» **TRY IT**
Word for word, set down the lines from the one that holds "S925 Sterling Silver" through the final line of the listing below, and exclude every picture.
###
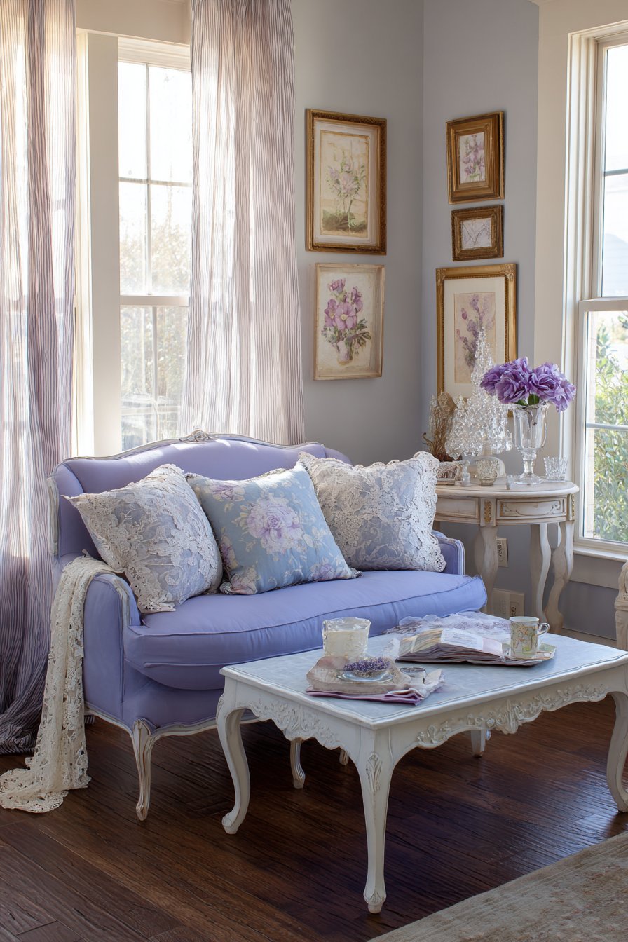 This dreamy living room creates a romantic sanctuary through soft colors, vintage-inspired furniture, and delicate details that transport you to a French countryside cottage. The small-scale rolled-arm sofa in soft lavender fabric makes an immediate impression, its gentle purple hue both unexpected and utterly charming. The rolled arms add traditional elegance while lace-trimmed throw pillows introduce vintage femininity and handcrafted charm that makes the space feel personal and collected.
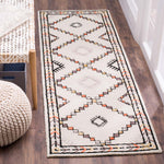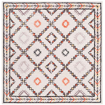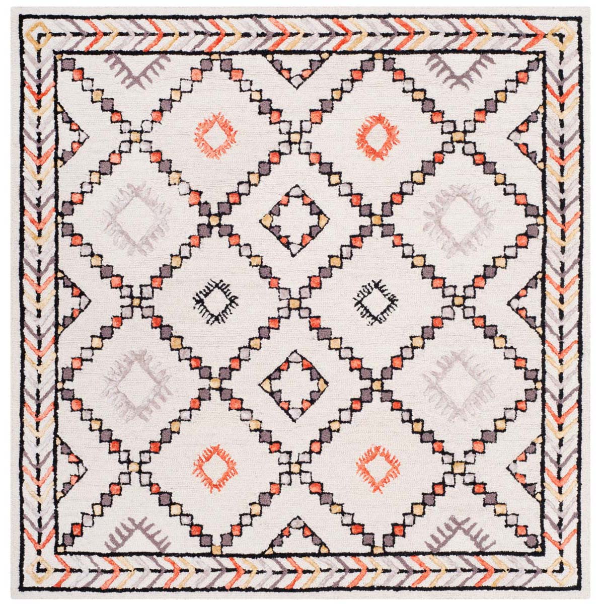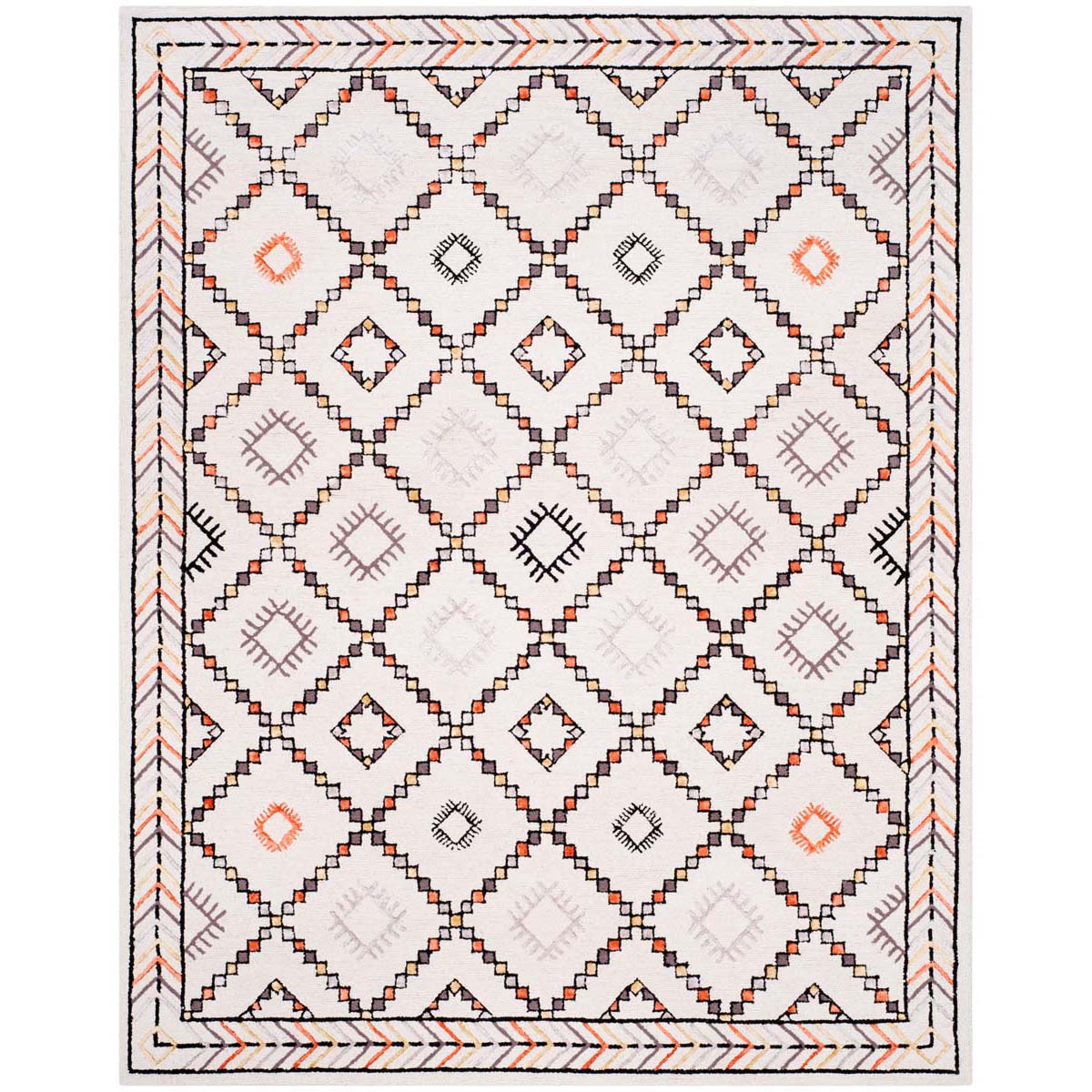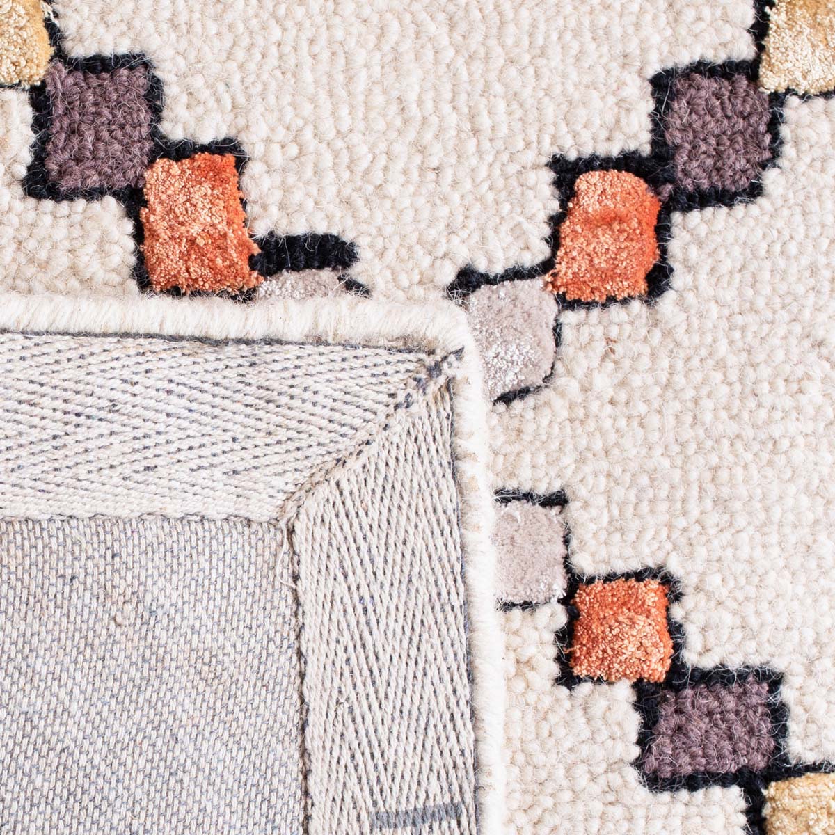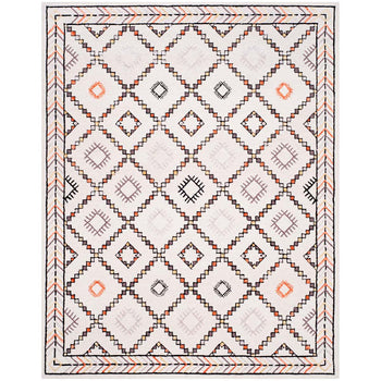 We've designed this rug with accentuating shape in mind to tastefully complement your interiors, drawing the eye with its intricate pattern work and inviting colors. The design showcases traditional motifs, enhanced with a contemporary twist, presenting an array of geometric patterns, bordered by a unique and stylized frame. Hues of burnt orange, charcoal, beige, and a splash of vibrant red intermingle on a creamy ivory backdrop, creating a stunning visual spectacle that is bound to be a conversation starter.
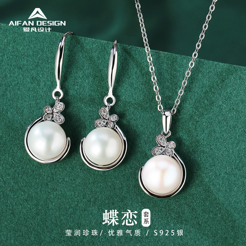 S925 Sterling Silver Fashion Butterfly Love Necklace Women French Temperament Freshwater Pearl Butterfly Clavicle Chain Niche Jewelry suit
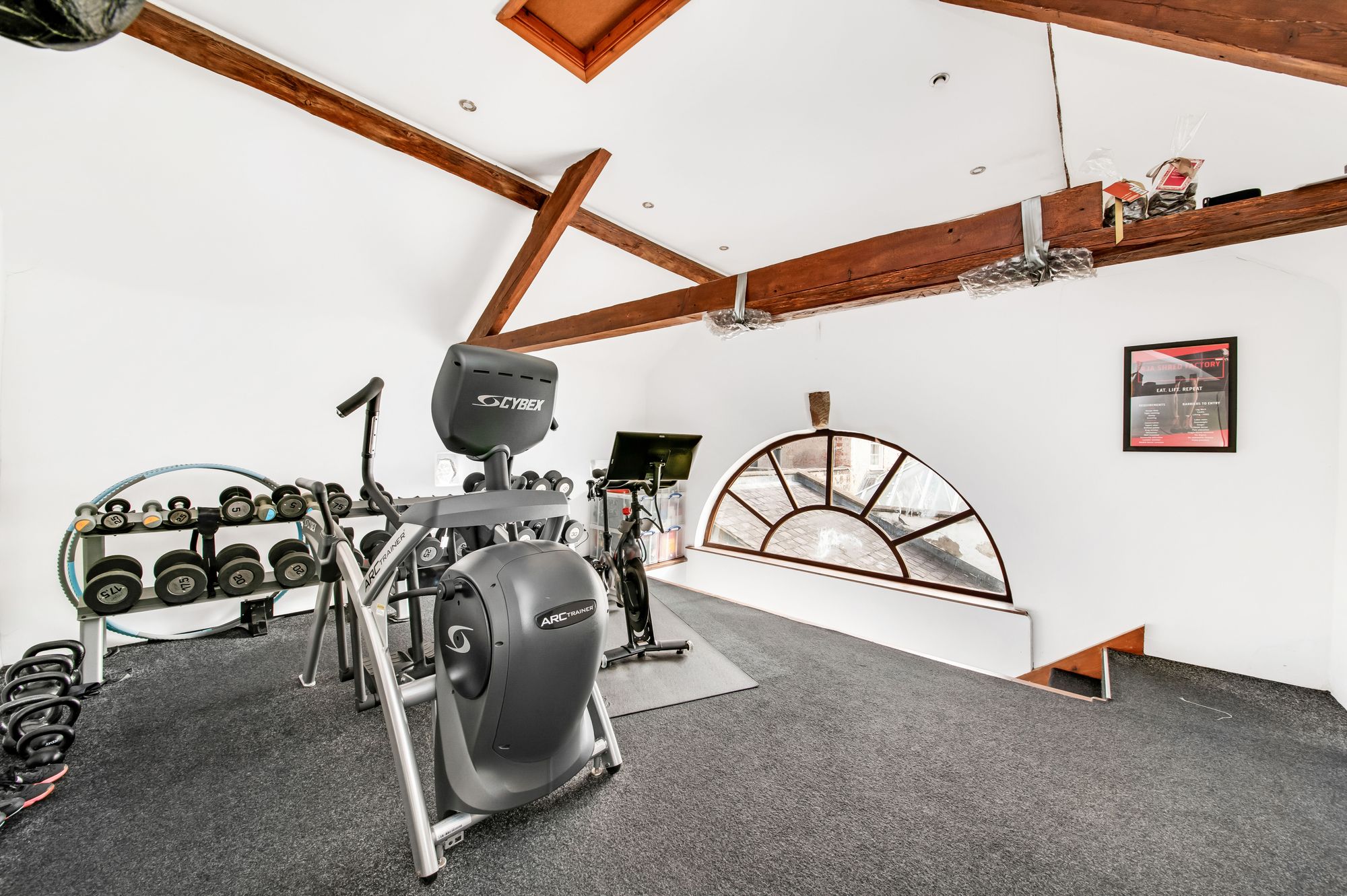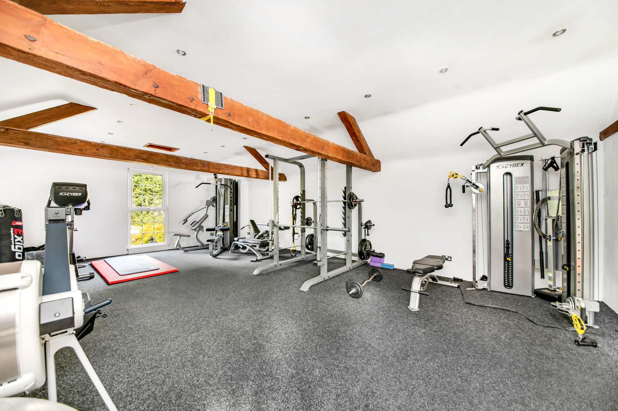 Further lobby gives access to a secondary staircase, which rises up to an entertainment room stroke gym. This, as the photograph suggests, is superbly presented and has a variety of windows, beams on display, inset spotlighting to the ceiling. It is presented with two areas, both with a good amount of space.
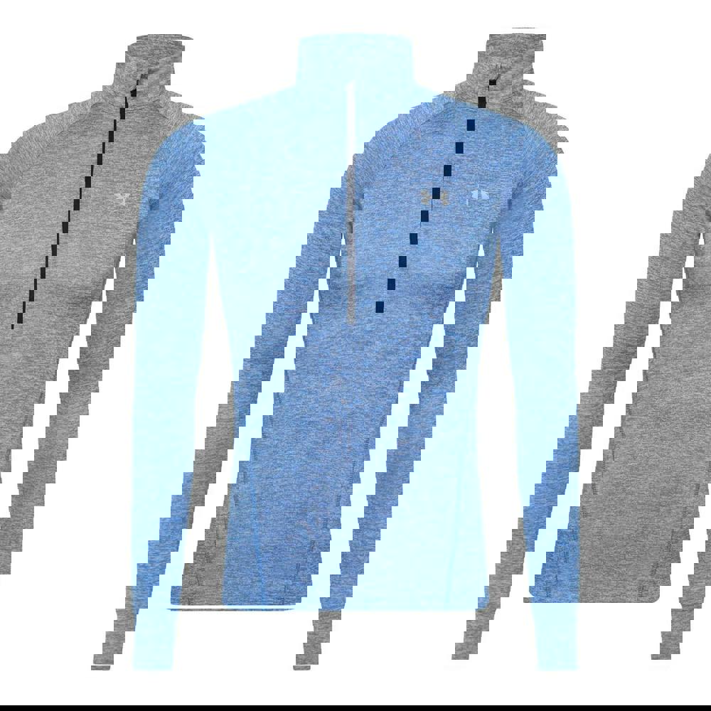 Built for active days, this Under Armour women’s long-sleeved T-shirt keeps the look clean with a plain finish and subtle logo detail. The blue design is completed with a twist accent and a standing collar, secured by a half zip and pull-on styling for easy wear. Made from soft-touch polyester, it uses UA Tech fabric technology with moisture wicking, odour control and quick-dry properties.
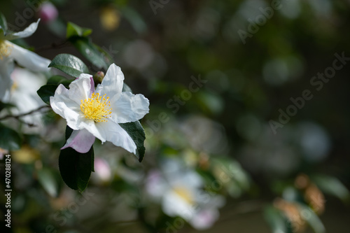 © 正人 竹内, Fototapeta premium 白い山茶花の花 11月
###
» **OUTPUT FOR THIS TASK**
 S925 Sterling Silver Fashion Butterfly Love Necklace Women French Temperament Freshwater Pearl Butterfly Clavicle Chain Niche Jewelry suit
 Further lobby gives access to a secondary staircase, which rises up to an entertainment room stroke gym. This, as the photograph suggests, is superbly presented and has a variety of windows, beams on display, inset spotlighting to the ceiling. It is presented with two areas, both with a good amount of space.
 Built for active days, this Under Armour women’s long-sleeved T-shirt keeps the look clean with a plain finish and subtle logo detail. The blue design is completed with a twist accent and a standing collar, secured by a half zip and pull-on styling for easy wear. Made from soft-touch polyester, it uses UA Tech fabric technology with moisture wicking, odour control and quick-dry properties.
 © 正人 竹内, Fototapeta premium 白い山茶花の花 11月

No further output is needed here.